Skip to main content

Automatically initialize distributed PyTorch environments

Project description

torchrunx 🔥

Python Version PyTorch Version PyPI - Version Documentation Tests GitHub License

By Apoorv Khandelwal and Peter Curtin

The easiest way to run PyTorch on multiple GPUs or machines.


torchrunx is a functional utility for distributing PyTorch code across devices. This is a more convenient, robust, and featureful alternative to CLI-based launchers, like torchrun, accelerate launch, and deepspeed.

It enables complex workflows within a single script and has useful features even if only using 1 GPU.

pip install torchrunx

Requires: Linux.

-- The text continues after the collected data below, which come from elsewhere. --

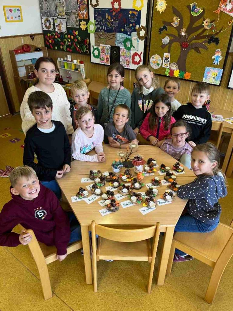 Podzimní měsíc říjen nám přinesl spoustu radovánek v přírodě, ale také mnoho zajímavého tvoření. Vyzkoušeli jsme si upéct jablečný závin, nové techniky ve výtvarných činnostech, lepení, tiskání, tvoření strašidýlek z dýní a samozřejmě spoustu nových her a soutěží. Přijelo k nám také naše oblíbené divadélko.
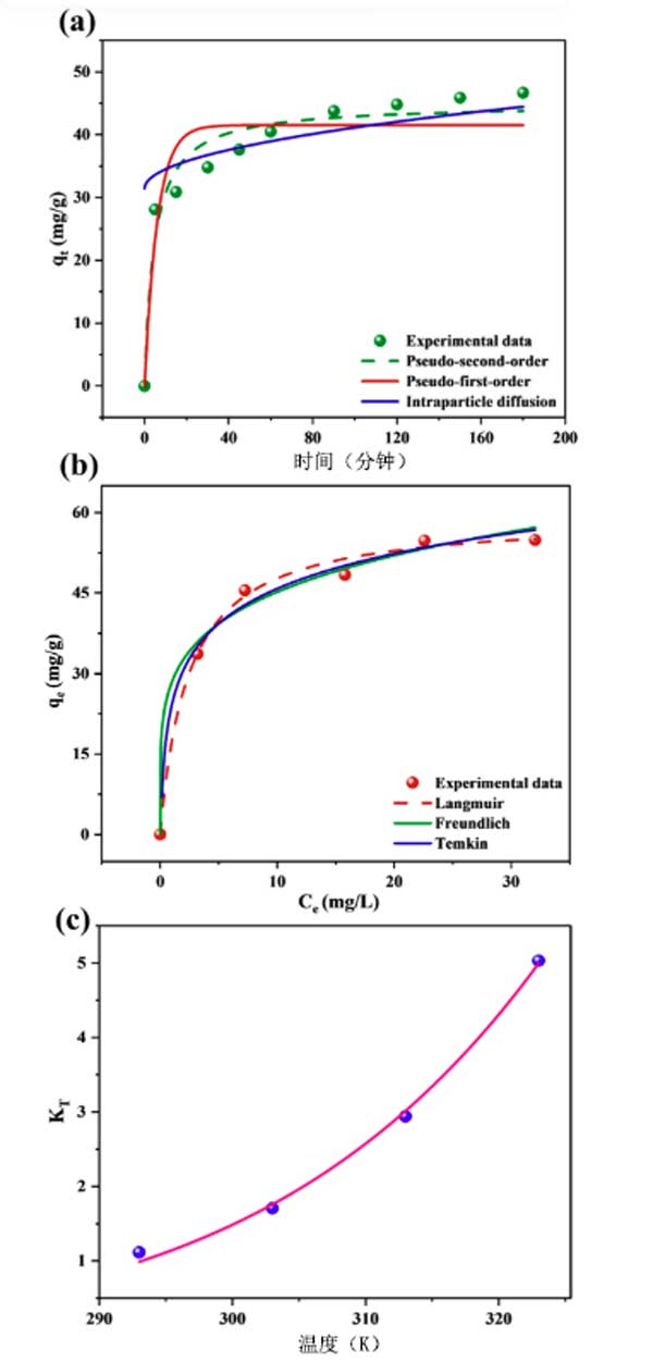 彩运cy888 图3:(a)吸附动力学,(b)吸附等温线和(c)van't hoff图,用于吸附Cr上的活性炭上。
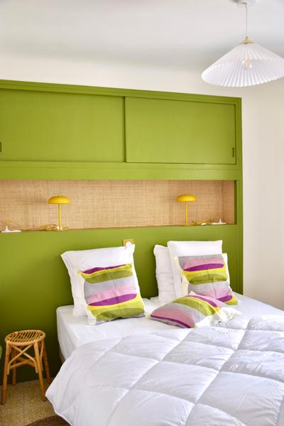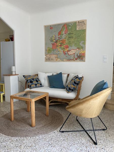 Vous disposez d’un séjour/cuisine en Rez-de-jardin et de 2 chambres au 1er étage. Une chambre de 13m² avec vue sur le jardin et une chambre de 8,5m² sur rue (ventilateur sur pied dans les chambres).
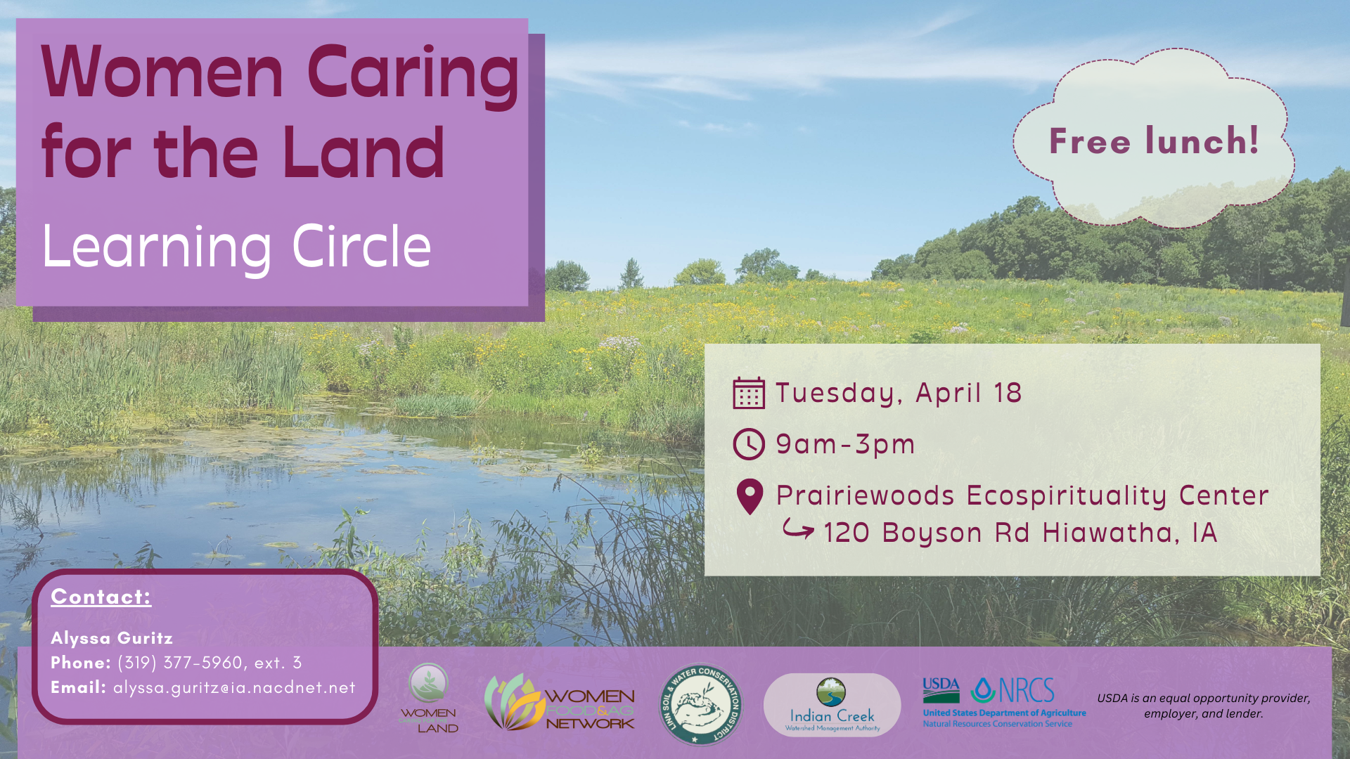 This event is free and lunch is provided, though pre-registration is required. If you have questions, please contact Alyssa Guritz at alyssa.guritz@ia.nacdnet.net or call (319)-377-5960, extension 3.

If using multiple machines: SSH & shared filesystem.


Example: simple training loop

Suppose we have some distributed training function (which needs to run on every GPU):

def distributed_training(model: nn.Module, num_steps: int) -> nn.Module: ...
Implementation of distributed_training (click to expand)
from __future__ import annotations
import os
import torch
import torch.nn as nn

def distributed_training(model: nn.Module, num_steps: int = 10) -> nn.Module | None:
    rank = int(os.environ['RANK'])
    local_rank = int(os.environ['LOCAL_RANK'])

    model.to(local_rank)
    ddp_model = nn.parallel.DistributedDataParallel(model, device_ids=[local_rank])
    optimizer = torch.optim.AdamW(ddp_model.parameters())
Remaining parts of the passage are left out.